WHAT YOU NEED TO DO ->
From the top of the entries below through the line containing "Maglioncino vintage da", return every line exactly as written, please, and stop there.

DATA SUPPLIED ->
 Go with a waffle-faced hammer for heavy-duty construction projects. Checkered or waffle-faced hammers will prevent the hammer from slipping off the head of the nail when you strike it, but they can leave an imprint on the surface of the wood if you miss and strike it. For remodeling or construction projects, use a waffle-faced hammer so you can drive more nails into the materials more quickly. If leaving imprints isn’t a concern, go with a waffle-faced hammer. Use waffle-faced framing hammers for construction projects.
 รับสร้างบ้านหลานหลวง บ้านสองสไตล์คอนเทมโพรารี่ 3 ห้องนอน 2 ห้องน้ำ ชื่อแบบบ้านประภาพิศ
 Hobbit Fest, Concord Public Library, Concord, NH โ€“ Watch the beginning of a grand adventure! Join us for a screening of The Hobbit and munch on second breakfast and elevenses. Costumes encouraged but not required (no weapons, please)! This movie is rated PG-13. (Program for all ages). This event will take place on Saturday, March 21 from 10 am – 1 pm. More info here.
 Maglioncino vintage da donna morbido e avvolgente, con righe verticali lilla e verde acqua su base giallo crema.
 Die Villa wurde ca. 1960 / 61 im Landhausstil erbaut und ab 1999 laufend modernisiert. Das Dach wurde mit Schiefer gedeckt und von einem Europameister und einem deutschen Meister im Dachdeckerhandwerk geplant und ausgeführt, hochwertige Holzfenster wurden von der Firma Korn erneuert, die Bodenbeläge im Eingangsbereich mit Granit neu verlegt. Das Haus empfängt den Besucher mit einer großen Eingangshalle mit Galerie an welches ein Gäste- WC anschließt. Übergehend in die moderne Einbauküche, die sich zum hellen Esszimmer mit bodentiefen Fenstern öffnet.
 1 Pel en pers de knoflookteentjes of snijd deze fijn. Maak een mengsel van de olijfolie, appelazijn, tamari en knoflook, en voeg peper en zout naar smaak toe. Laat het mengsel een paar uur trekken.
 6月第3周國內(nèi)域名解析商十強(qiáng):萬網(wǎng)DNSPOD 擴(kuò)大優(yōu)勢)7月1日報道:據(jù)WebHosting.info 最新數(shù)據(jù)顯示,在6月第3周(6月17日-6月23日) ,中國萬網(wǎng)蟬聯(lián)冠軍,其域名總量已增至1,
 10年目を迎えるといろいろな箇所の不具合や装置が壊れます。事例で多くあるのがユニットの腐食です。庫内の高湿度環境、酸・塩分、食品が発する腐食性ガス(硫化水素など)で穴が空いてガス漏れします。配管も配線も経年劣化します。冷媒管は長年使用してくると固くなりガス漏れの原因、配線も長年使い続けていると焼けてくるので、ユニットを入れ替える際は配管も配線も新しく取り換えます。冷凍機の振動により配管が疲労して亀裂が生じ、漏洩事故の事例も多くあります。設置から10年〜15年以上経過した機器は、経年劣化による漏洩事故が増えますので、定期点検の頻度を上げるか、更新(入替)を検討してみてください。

ANSWER AREA ->
 Go with a waffle-faced hammer for heavy-duty construction projects. Checkered or waffle-faced hammers will prevent the hammer from slipping off the head of the nail when you strike it, but they can leave an imprint on the surface of the wood if you miss and strike it. For remodeling or construction projects, use a waffle-faced hammer so you can drive more nails into the materials more quickly. If leaving imprints isn’t a concern, go with a waffle-faced hammer. Use waffle-faced framing hammers for construction projects.
 รับสร้างบ้านหลานหลวง บ้านสองสไตล์คอนเทมโพรารี่ 3 ห้องนอน 2 ห้องน้ำ ชื่อแบบบ้านประภาพิศ
 Hobbit Fest, Concord Public Library, Concord, NH โ€“ Watch the beginning of a grand adventure! Join us for a screening of The Hobbit and munch on second breakfast and elevenses. Costumes encouraged but not required (no weapons, please)! This movie is rated PG-13. (Program for all ages). This event will take place on Saturday, March 21 from 10 am – 1 pm. More info here.
 Maglioncino vintage da donna morbido e avvolgente, con righe verticali lilla e verde acqua su base giallo crema.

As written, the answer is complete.